I have some code that uses a 3rd party library, EDIFabric, which writes to a stream, which I need to capture that output and use it to return a string by way of a StreamReader.
// Build out the memory stream we'll use to conver to a string.
using (var stream = new MemoryStream())
{
using (var writer = new X12Writer(stream))
{
writer.Write("Write EDI values to the stream"); // Not valid EDI output...
writer.Flush();
// Flush() is obsolete and generates a CS0618 compiler warning, "Type or member is obsolete"

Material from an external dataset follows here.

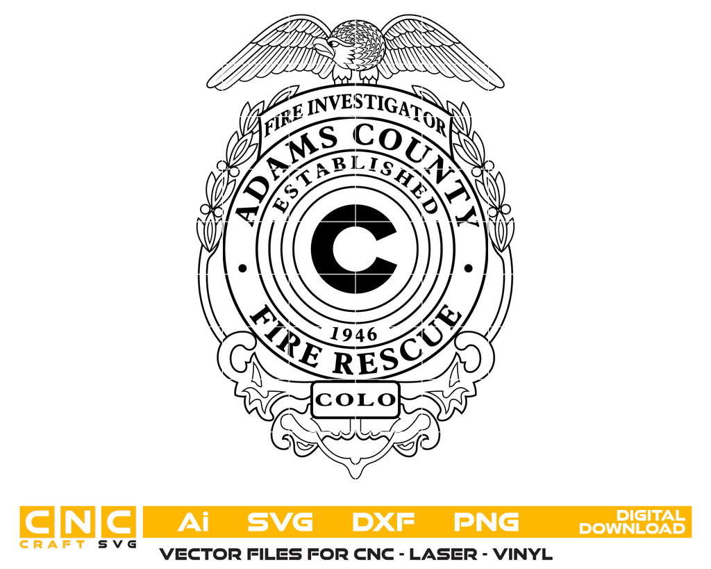 Ideal for engravers, designers, and firefighters, this Adams County Fire Investigator Badge vector ensures clean edges, sharp details, and perfect scaling for both print and digital use.

stream.Seek(0, SeekOrigin.Begin); // Return to the beginning of the stream
}
using StreamReader reader = new(stream);
// If I omit the flush, the returned string is empty
return reader.ReadToEnd(); // Returns the stream as a string
}
Any suggestions that don't include using Flush()?
The solution for this problem was derived from @madreflection's comment above, simply moving the stream.Seek()
out of the inner using
block.
// Build out the memory stream we'll use to conver to a string.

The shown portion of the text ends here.